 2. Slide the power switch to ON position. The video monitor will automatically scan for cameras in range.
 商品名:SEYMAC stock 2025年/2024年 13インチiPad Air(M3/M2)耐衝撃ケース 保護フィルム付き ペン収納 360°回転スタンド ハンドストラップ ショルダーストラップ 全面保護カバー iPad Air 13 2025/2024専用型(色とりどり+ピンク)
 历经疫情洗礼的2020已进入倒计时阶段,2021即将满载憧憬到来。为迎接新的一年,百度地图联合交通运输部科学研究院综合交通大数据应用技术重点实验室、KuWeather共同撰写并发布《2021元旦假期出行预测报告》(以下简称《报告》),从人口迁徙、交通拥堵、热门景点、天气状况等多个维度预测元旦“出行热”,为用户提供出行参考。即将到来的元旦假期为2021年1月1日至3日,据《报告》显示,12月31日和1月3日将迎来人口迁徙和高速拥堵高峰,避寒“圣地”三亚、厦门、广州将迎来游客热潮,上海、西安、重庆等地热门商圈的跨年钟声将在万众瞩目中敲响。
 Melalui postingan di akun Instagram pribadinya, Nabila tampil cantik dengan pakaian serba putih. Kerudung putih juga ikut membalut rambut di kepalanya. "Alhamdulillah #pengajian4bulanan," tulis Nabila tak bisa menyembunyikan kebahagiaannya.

--

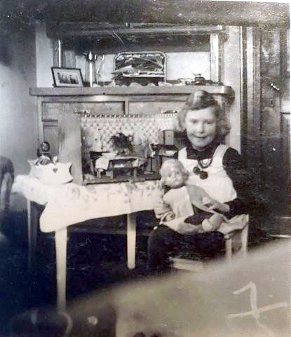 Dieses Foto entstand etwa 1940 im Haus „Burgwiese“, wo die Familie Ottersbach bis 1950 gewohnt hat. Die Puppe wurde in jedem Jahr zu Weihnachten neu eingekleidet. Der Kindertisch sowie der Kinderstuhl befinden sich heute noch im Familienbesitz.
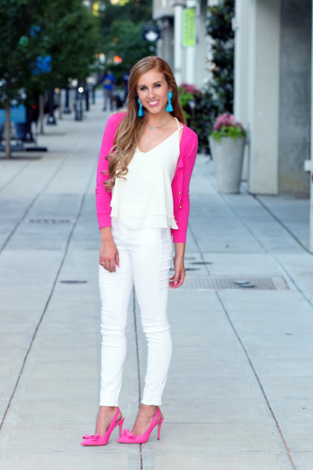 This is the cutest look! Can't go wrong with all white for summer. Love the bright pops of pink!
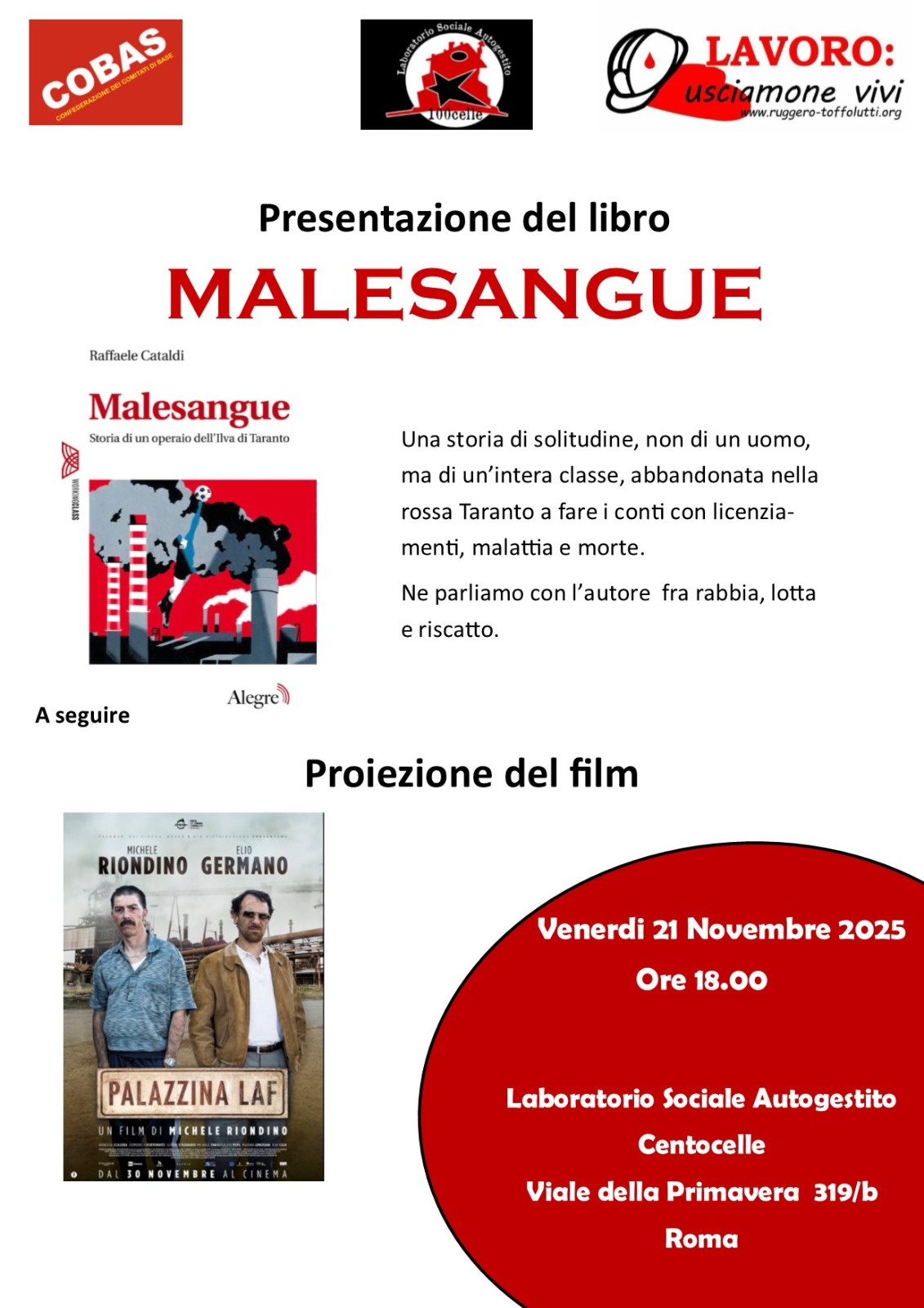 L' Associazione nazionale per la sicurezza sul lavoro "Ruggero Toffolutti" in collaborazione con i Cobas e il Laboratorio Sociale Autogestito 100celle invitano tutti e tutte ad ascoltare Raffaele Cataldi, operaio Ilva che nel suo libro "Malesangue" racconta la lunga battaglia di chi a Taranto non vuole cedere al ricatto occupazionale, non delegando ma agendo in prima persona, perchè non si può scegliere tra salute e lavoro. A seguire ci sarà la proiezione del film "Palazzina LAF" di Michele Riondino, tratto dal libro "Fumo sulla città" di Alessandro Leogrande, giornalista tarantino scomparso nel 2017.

** Assignment **
When you reach the line that has "Dieses Foto entstand" in the data above, start repeating lines exactly, and stop after the line that has "L' Associazione nazionale"; pictures stay out.

** Solution for this problem **
 Dieses Foto entstand etwa 1940 im Haus „Burgwiese“, wo die Familie Ottersbach bis 1950 gewohnt hat. Die Puppe wurde in jedem Jahr zu Weihnachten neu eingekleidet. Der Kindertisch sowie der Kinderstuhl befinden sich heute noch im Familienbesitz.
 This is the cutest look! Can't go wrong with all white for summer. Love the bright pops of pink!
 L' Associazione nazionale per la sicurezza sul lavoro "Ruggero Toffolutti" in collaborazione con i Cobas e il Laboratorio Sociale Autogestito 100celle invitano tutti e tutte ad ascoltare Raffaele Cataldi, operaio Ilva che nel suo libro "Malesangue" racconta la lunga battaglia di chi a Taranto non vuole cedere al ricatto occupazionale, non delegando ma agendo in prima persona, perchè non si può scegliere tra salute e lavoro. A seguire ci sarà la proiezione del film "Palazzina LAF" di Michele Riondino, tratto dal libro "Fumo sulla città" di Alessandro Leogrande, giornalista tarantino scomparso nel 2017.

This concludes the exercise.